What to produce:
Start at the first line below and write out everything verbatim except the pictures.

#####

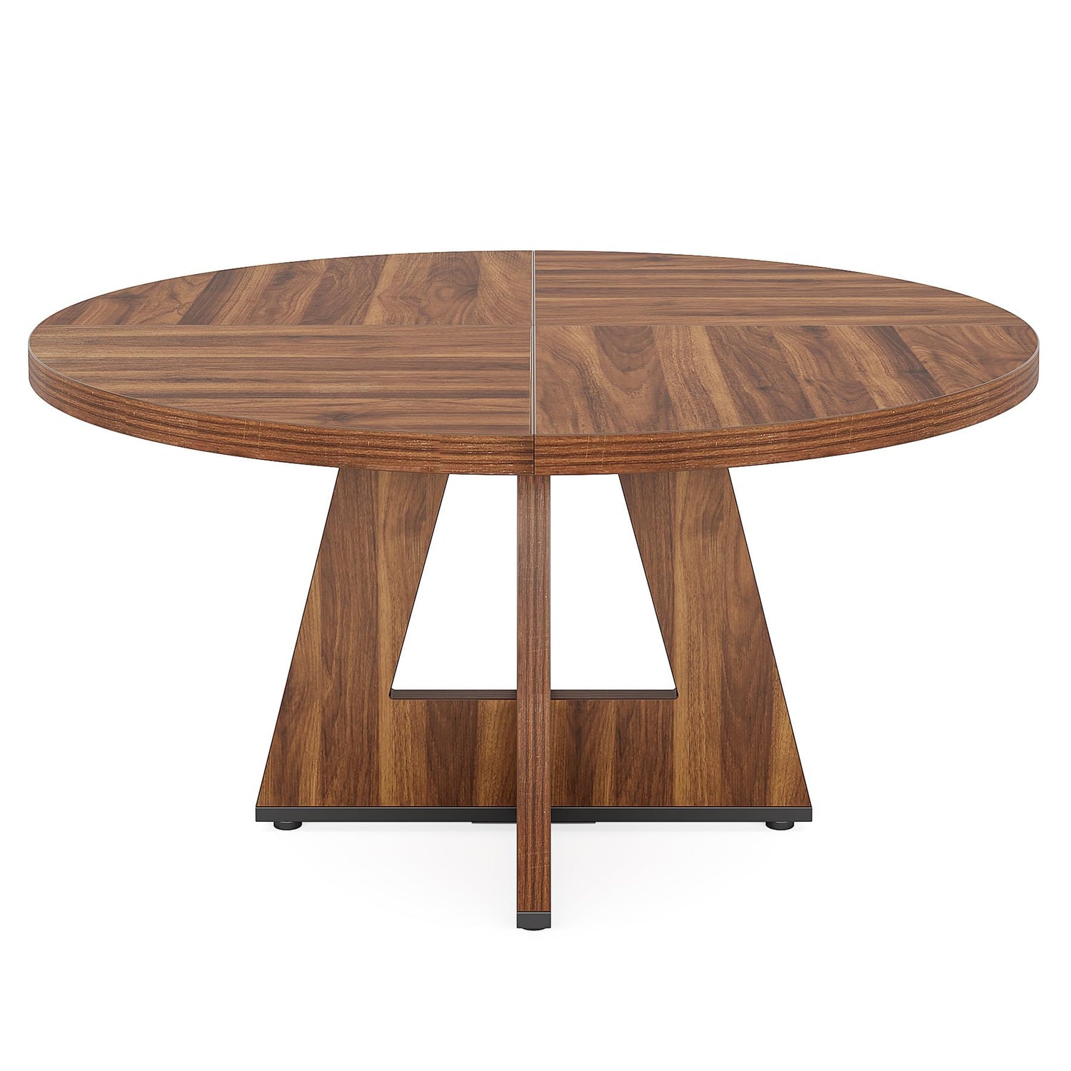 - [ Farmhouse Round Dining Table ] - The spacious tabletop is consists of 4 Engineered wood board. Designed with a classic farmhouse look, Tribesigns kitchen dining table will add a touch of rustic elegance to any space. Its charming farmhouse look and retro brown color exudes warmth and coziness, creating a welcoming atmosphere for your family and friends to gather around.
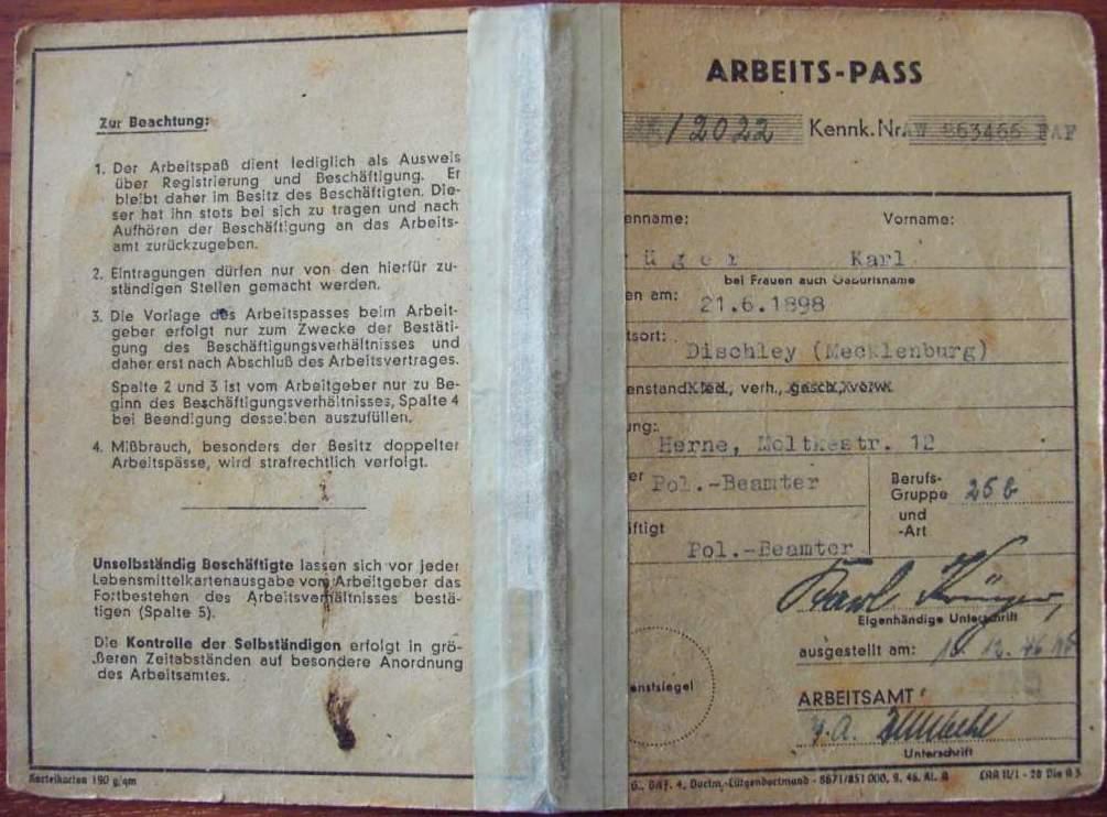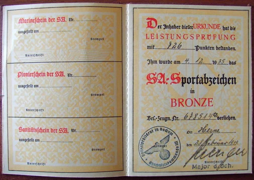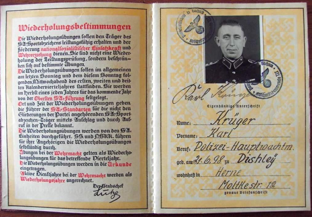 SA Urkunde + Arbeits-Pass - Karl Krüger
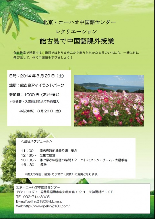 毎日教室で授業では、退屈ではありませんか?春うららかな3月のいちにち、一緒に外に飛び出して、体で中国語を学びましょう!
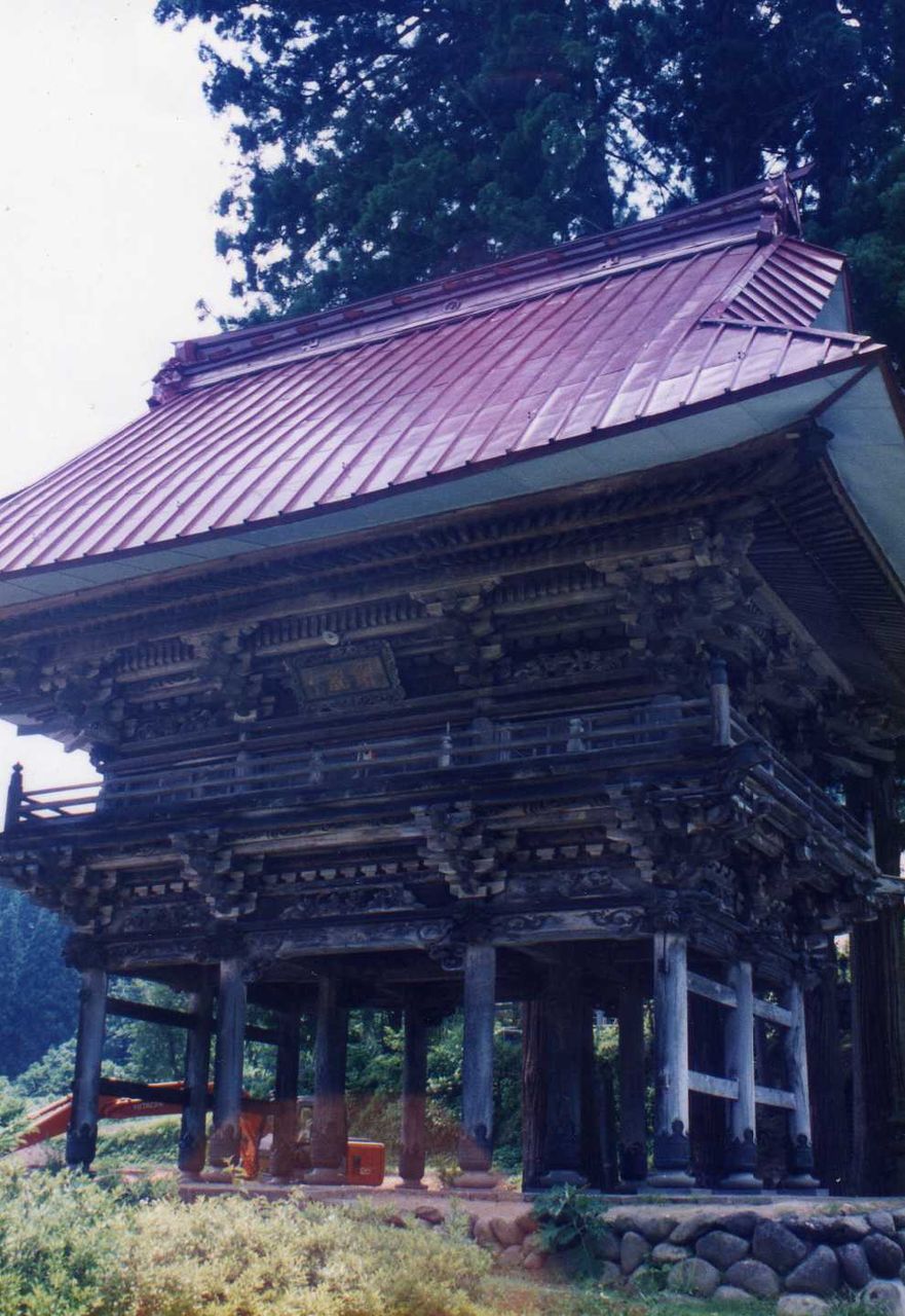 走ること約1時間、国道117号線から右折して栄村の常慶院を訪れる。標識が全然無くて、少し道に迷ったが民家から離れた高台にお寺はあった。信越界一の名刹と言われる常慶院は山門の立派なのに驚く。300年の風雪に耐えた山門は信濃の陽明門(管理人注 日光東照宮)と崇敬される堂々たるもので彫刻も素晴らしい。
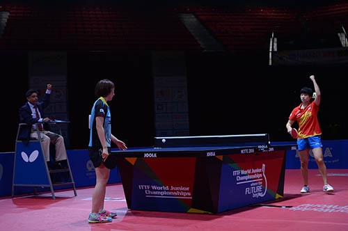 麦子詠対ディアコヌは第1ゲームでディアコヌが10-6とリードしたところから逆転を許し、流れは一気に麦子詠に。第1ゲームを落としたことを引きずったか、ディアコヌのプレーにミスが目立つ。一方の麦子詠は前陣両ハンドの安定感では今大会随一。ディアコヌは得意の多彩なバックハンドを見せるまもなく敗れてしまった。
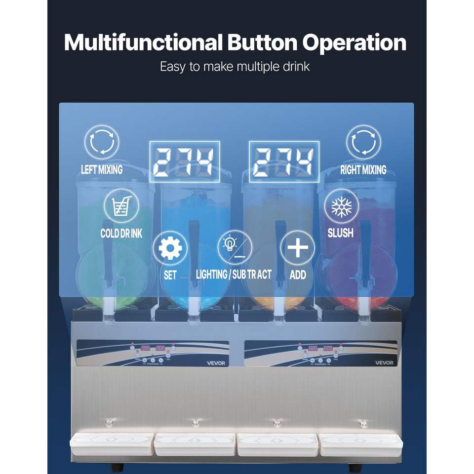 Frullatore Commerciale 12L/3.17Gal con 4 Serbatoi, Macchina per Slushy Commerciale Autopulente, Macchina per Bevande Congelate, Macchina per Margarita
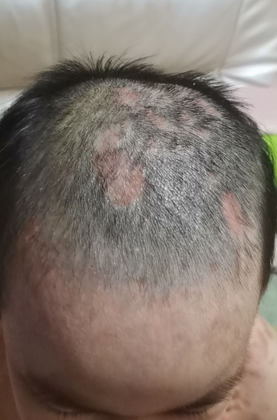 女孩头顶多处烧烫伤疤痕。受访者供图
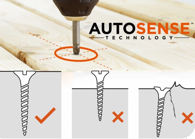 新たに搭載する「オートセンス」機能は、ネジ締め時の負荷をセンサーが感知し、ネジ頭が板面にぴったり収まる位置で自動的に回転を止めるため、従来のトルク調整機能よりも、正確かつ簡単なネジ打ちが可能になるという。同時に、ネジ頭が打ち込む板面の上面と水平になる、きれいな仕上がりも実現する。回転が一旦停止した後、スイッチを入れ続けると4分の1回転ずつ締めることができるため、微調整も容易。
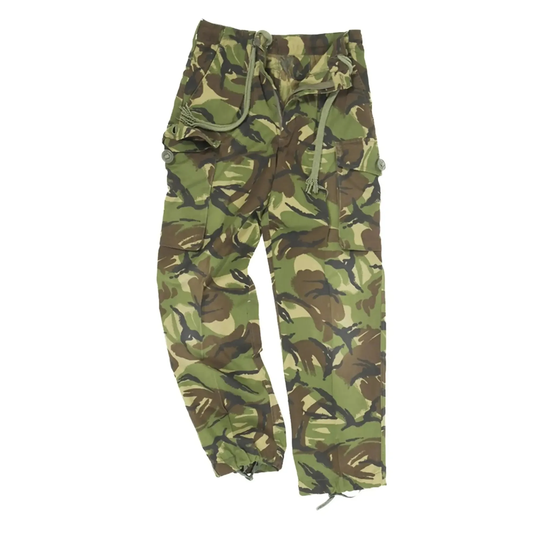 Britische Feldhose in gebrauchtem Zustand. Dank robustem Mischgewebe ist die Hose ideal für jede Outdoor-Aktivität oder als Arbeitshose geeignet. Sie verfügt über 2 Einschubtaschen, 2 Pattentaschen an den Oberschenkeln mit Knopfverschluss sowie einen Kordelzug am Saum und an den Beinabschlüssen.
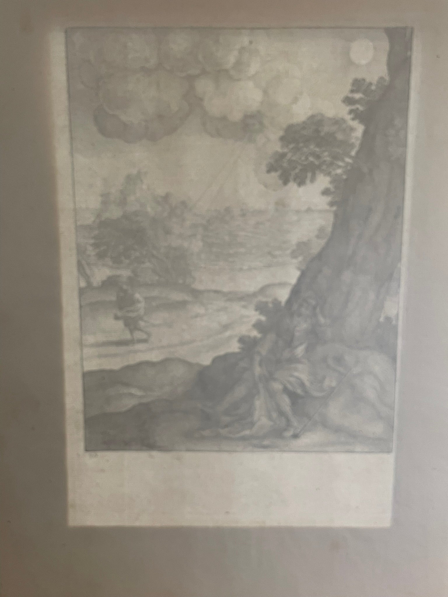 In this etching, Wenceslaus Hollar (1607–1677) illustrates one of Aesop’s most beloved fables — The Sun and the Wind, also known as The North Wind and the Sun. In the story, the Wind and the Sun compete to make a traveller remove his cloak. The Wind’s bluster only makes the man clutch it tighter, while the Sun’s gentle warmth persuades him to shed it. The moral, gentle persuasion can win over brute strength.

#####

Answer box:
 - [ Farmhouse Round Dining Table ] - The spacious tabletop is consists of 4 Engineered wood board. Designed with a classic farmhouse look, Tribesigns kitchen dining table will add a touch of rustic elegance to any space. Its charming farmhouse look and retro brown color exudes warmth and coziness, creating a welcoming atmosphere for your family and friends to gather around.
 SA Urkunde + Arbeits-Pass - Karl Krüger
 毎日教室で授業では、退屈ではありませんか?春うららかな3月のいちにち、一緒に外に飛び出して、体で中国語を学びましょう!
 走ること約1時間、国道117号線から右折して栄村の常慶院を訪れる。標識が全然無くて、少し道に迷ったが民家から離れた高台にお寺はあった。信越界一の名刹と言われる常慶院は山門の立派なのに驚く。300年の風雪に耐えた山門は信濃の陽明門(管理人注 日光東照宮)と崇敬される堂々たるもので彫刻も素晴らしい。
 麦子詠対ディアコヌは第1ゲームでディアコヌが10-6とリードしたところから逆転を許し、流れは一気に麦子詠に。第1ゲームを落としたことを引きずったか、ディアコヌのプレーにミスが目立つ。一方の麦子詠は前陣両ハンドの安定感では今大会随一。ディアコヌは得意の多彩なバックハンドを見せるまもなく敗れてしまった。
 Frullatore Commerciale 12L/3.17Gal con 4 Serbatoi, Macchina per Slushy Commerciale Autopulente, Macchina per Bevande Congelate, Macchina per Margarita
 女孩头顶多处烧烫伤疤痕。受访者供图
 新たに搭載する「オートセンス」機能は、ネジ締め時の負荷をセンサーが感知し、ネジ頭が板面にぴったり収まる位置で自動的に回転を止めるため、従来のトルク調整機能よりも、正確かつ簡単なネジ打ちが可能になるという。同時に、ネジ頭が打ち込む板面の上面と水平になる、きれいな仕上がりも実現する。回転が一旦停止した後、スイッチを入れ続けると4分の1回転ずつ締めることができるため、微調整も容易。
 Britische Feldhose in gebrauchtem Zustand. Dank robustem Mischgewebe ist die Hose ideal für jede Outdoor-Aktivität oder als Arbeitshose geeignet. Sie verfügt über 2 Einschubtaschen, 2 Pattentaschen an den Oberschenkeln mit Knopfverschluss sowie einen Kordelzug am Saum und an den Beinabschlüssen.
 In this etching, Wenceslaus Hollar (1607–1677) illustrates one of Aesop’s most beloved fables — The Sun and the Wind, also known as The North Wind and the Sun. In the story, the Wind and the Sun compete to make a traveller remove his cloak. The Wind’s bluster only makes the man clutch it tighter, while the Sun’s gentle warmth persuades him to shed it. The moral, gentle persuasion can win over brute strength.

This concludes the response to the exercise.